I have suggested that (molecular) autopoiesis and collective autocatalysis are closely related ideas. Both involve something like a self-sustaining reaction network, and both require some mechanism of spatial localization or confinement for effective operation. The critical distinction is that autopoiesis specifically requires that this confinement should itself be in some sense a product of the confined reaction network, whereas collective autocatalysis is assumed to rely on some independent confinement mechanism.
This seems to me clear enough as far as it goes; but I still have some difficulty in deciding whether the full requirement of autopoiesis is met in particular cases. Specifically, consider the computer model system offered by Varela et al. (1974). It is true that, in this case, there is a cleavage of the space which confines the reaction network, and which is maintained as a specific consequence of the reaction network. However, it is also true that, as an integral aspect of the ongoing behaviour of this autopoietic system, the spatial boundary or membrane is regularly ruptured. The membrane is subsequently repaired again--and, indeed, this is arguably the chief phenomenon of interest in this system. Nonetheless, the fact that the spatial localization is regularly interrupted in this way makes it more difficult to be clear what exactly the ``topological'' autopoietic requirement or criterion is.
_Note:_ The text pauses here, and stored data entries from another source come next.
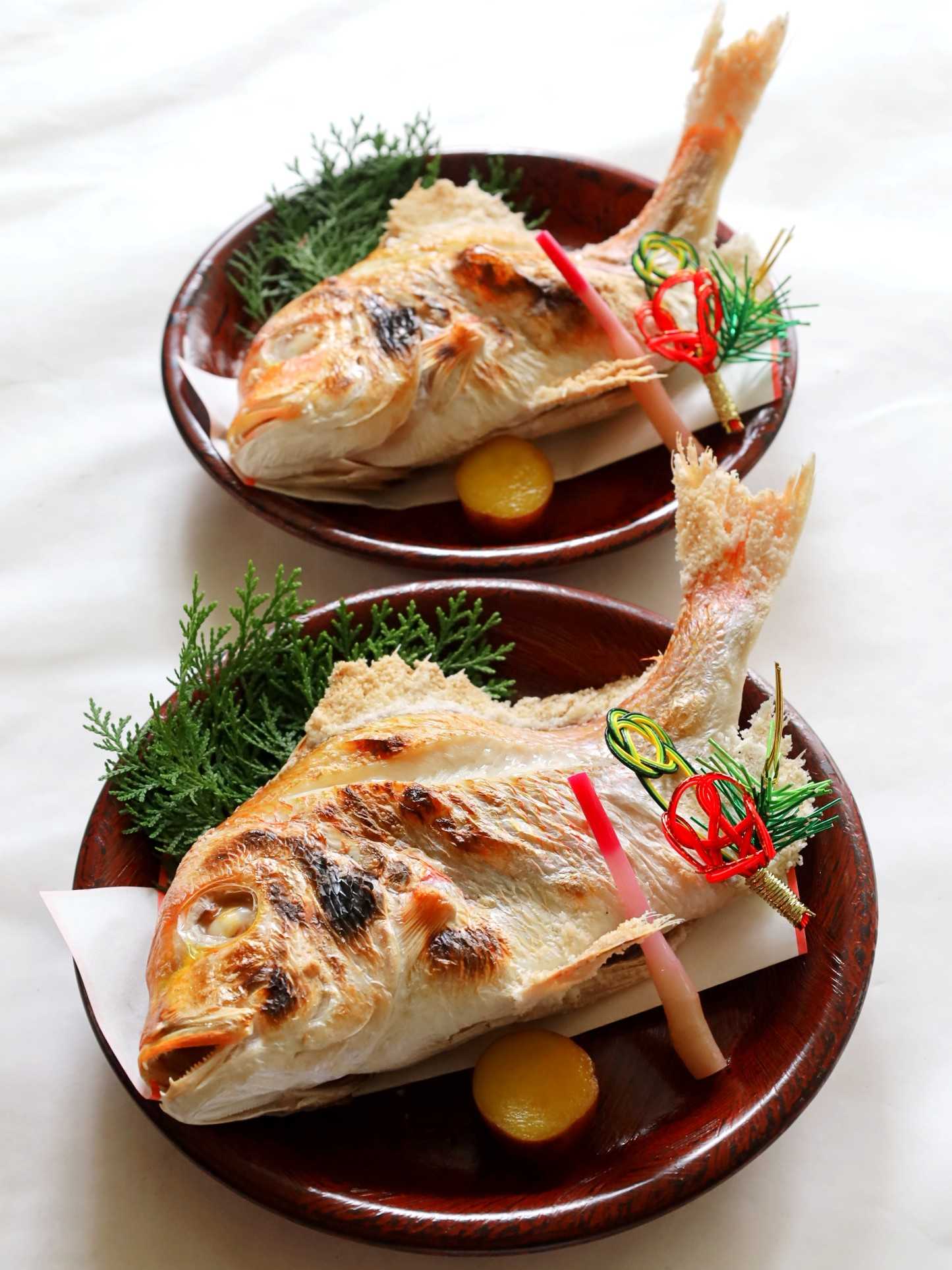 連子鯛の姿焼き 鳴門金時のレモン煮 はじかみ生姜
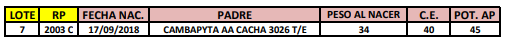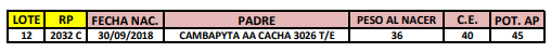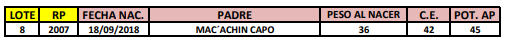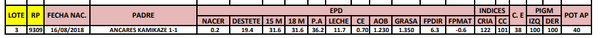 Info Genética (9360) PADRE ANCARES KAMIKAZE 1-1 NACIMIENTO 30/8/2018 PRECIO BASE 0.00 IMAGEN 0michUko1nBAEnvd.png Info Genética (9450) PADRE SANTA INES 9302 POR SUERTE NACIMIENTO 17/9/2018 PRECIO BASE 0.00 IMAGEN hDnvJ2i6YuiZJ8Ff.png Info Genética (9508) PADRE TORDO ST INES G BIFE 7564 NACIMIENTO 30/9/2018 PRECIO BASE 0.00 IMAGEN gKAdz6oOYwKTWOh6.png -
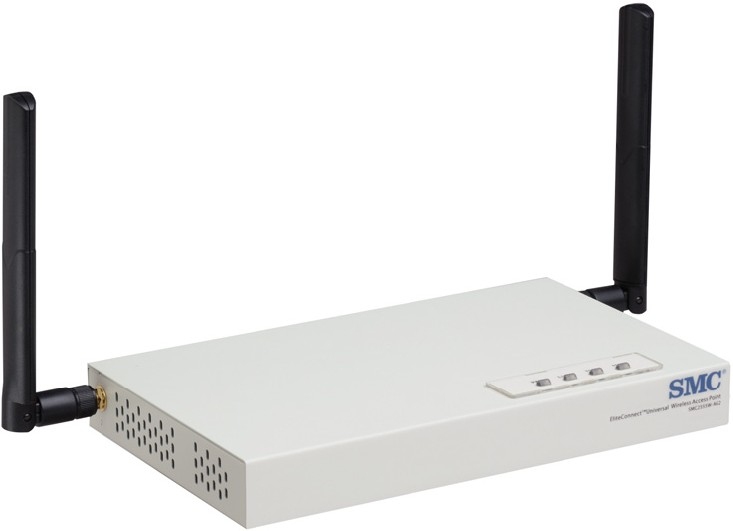 SMC EliteConnect Universal Wireless Access Point. Datenübertragungsrate (Maximum): 108 Mbit/s, Bandbreite: 2,4 GHz, Zahl der Benutzer: 64 Benutzer. Management-Protokolle: SSH, SNMP (1, 2c, 3), Medien-Zugang Protokoll: CSMA/CA. Verkabelungstechnologie: 10Base-T, 100Base-TX. Unterstützte Sicherheitsalgorithmen: 152-bit WEP,WPA,WPA2. Stromverbrauch (typisch): 13,2 W, Energiebedarf: 100-240V; 50/60V
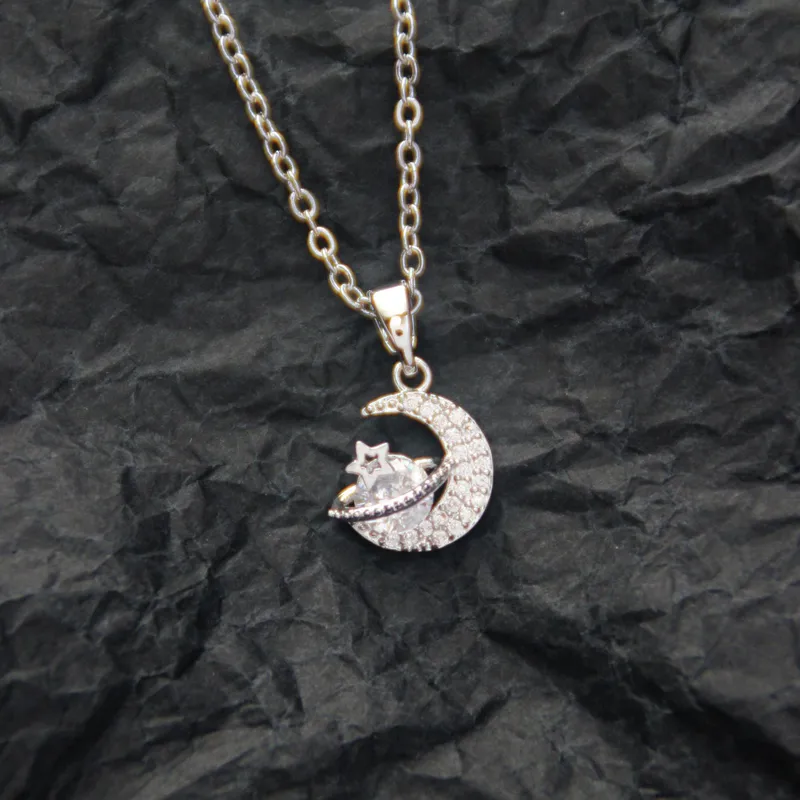 Wholesale Jewelry Casual Elegant Basic Moon Heart Shape Bow Knot Titanium Steel Copper Zircon Plating Inlay Pendant Necklace
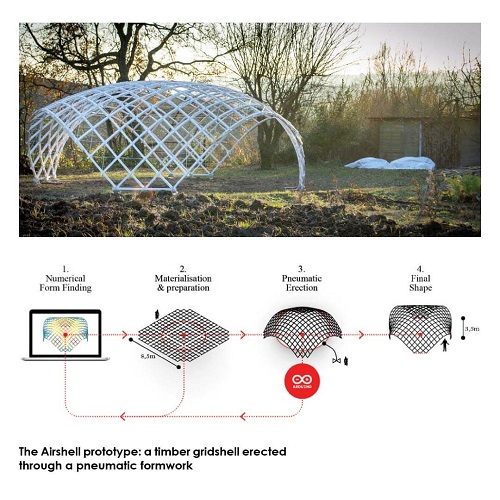 This paper presents the construction of Airshell, a small timber gridshell prototype erected by employing a pneumatic formwork.
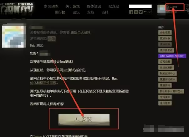 在成功购买并支付后返回官网并登录你的账号。在个人资料页面你将找到游戏启动器的安装选项。点击安装根据提示将启动器下载到你的电脑上。安装完成后,通过启动器即可下载并安装《逃离塔科夫》游戏本体。

So I would like to suggest the following informal and heuristic test. Consider two instances of the same collectively self sustaining reaction network. For the moment I suppose that we do not know whether these should qualify as autopoietic or (merely) collectively autocatalytic. They are considered as instances of the same reaction network in the sense that the same set of molecular species is present in both cases; but they are separate instances in the sense that each is constituted (instantaneously) by distinct collections of individual molecules. Specifically I assume that, initially, they have been prepared or instantiated in separate reaction ``vessels'' (in the manner of the independent confinement mechanism already posited to support the continued operation of a collectively autocatalytic set). Now consider the situation if the contents of both vessels are ``mixed'' together. I assume that there will be continued availability of any necessary food set materials etc., so that the self-sustaining behaviour of the network(s) can continue unchanged. The key question now is whether there will still meaningfully be two instances of the reaction network or just one. That is, in the absence of any imposed spatial separation mechanism, do the networks themselves maintain their individuality? I would suggest that, if they do, then this reaction network may reasonably be classified as meeting the autopoietic criterion ``for specifying the topological domain of its realization''; whereas if not, then the network should be regarded only as collectively autocatalytic.